第2話『試験合格を幼馴染に報告する』

 さすがに、ここまでくると自分自身に恐怖さえ覚える。


 なんせ到着する頃には夕日を拝むことになるだろうな、と予想していたのに、未だ空は透き通る青色に染まっているのだから。


「すぅー――ふぅ――」


 そして、俺は村全体を見渡せる崖の上に居る。

 子供のときに登って発見したこの場所は、景色がいいだけではなく吸い込む空気が美味しく感じられるからお気に入りだった。

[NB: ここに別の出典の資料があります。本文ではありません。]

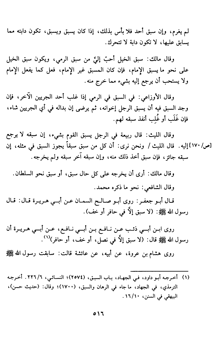 روى ابْن أبي ذِئْب عَن نَافِع بن أبي نَافِع عَن أبي هُرَيْرَة أَن رَسُول الله صلى الله عَلَيْهِ وَسلم قَالَ لَا سبق إِلَّا فِي نصل أَو خف أَو حافر

 大人には「どこで吸う空気も一緒だろ」、としか言われなかったけど、俺には思い出の場所なんだ。


「さて、と」


 どれだけ体を鍛えても、この高さから飛び降りたら無傷ではいられない――というか間違いなく骨が折れる高さけど、ちょいっと飛び降りて着地。

【聖剣】の能力でしかないのだけれど、絶対に抱く恐怖心すらも自信に変えてくるなんて、あまりにも凄い。

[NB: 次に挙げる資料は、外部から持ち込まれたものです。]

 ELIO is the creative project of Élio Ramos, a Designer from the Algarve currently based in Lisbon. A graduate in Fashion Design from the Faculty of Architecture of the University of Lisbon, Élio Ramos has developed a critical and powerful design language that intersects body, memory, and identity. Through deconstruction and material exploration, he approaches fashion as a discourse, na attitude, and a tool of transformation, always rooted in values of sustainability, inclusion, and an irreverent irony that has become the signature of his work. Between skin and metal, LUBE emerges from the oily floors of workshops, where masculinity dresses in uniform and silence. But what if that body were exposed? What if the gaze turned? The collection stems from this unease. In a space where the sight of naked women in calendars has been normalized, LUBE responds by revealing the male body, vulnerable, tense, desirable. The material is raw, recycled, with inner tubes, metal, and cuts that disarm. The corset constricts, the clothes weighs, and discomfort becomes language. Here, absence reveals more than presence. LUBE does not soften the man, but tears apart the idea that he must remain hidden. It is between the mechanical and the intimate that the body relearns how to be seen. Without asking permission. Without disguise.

 しかも力いっぱいに着地して地面が割れたり穴が開いたりすることもなく、ただ跳ねて着地したみたいにスッと周りに何も影響を及ぼさなかった。


 ここまで人間離れしている能力を得られていたのなら、聖騎士の装備を身にまとったまま来てもよかったな。

 白を基調として金の装飾が施されているから、聖騎士に成ったことを言葉よりも信用されるだろうし。


「さすがに緊張してきたな」


 たぶん、村の中を歩いていても大人たちが俺を俺と認識できる人はそう居ないはず。

 現に、歩き出してすぐにすれ違った人は目線すら向けなかった。

 そう考えると、聖騎士の装備を身にまとっていたら注目の的になって囲まれてしまうだろうから、なかった方が正解なのかもしれない。


 本当に、全てが懐かしいな。


 子供の頃の記憶だから、鮮明に覚えているわけじゃないけど――あのとき感じた湿った土の匂い、風に乗って流れてくる草木の匂いはそのままだ。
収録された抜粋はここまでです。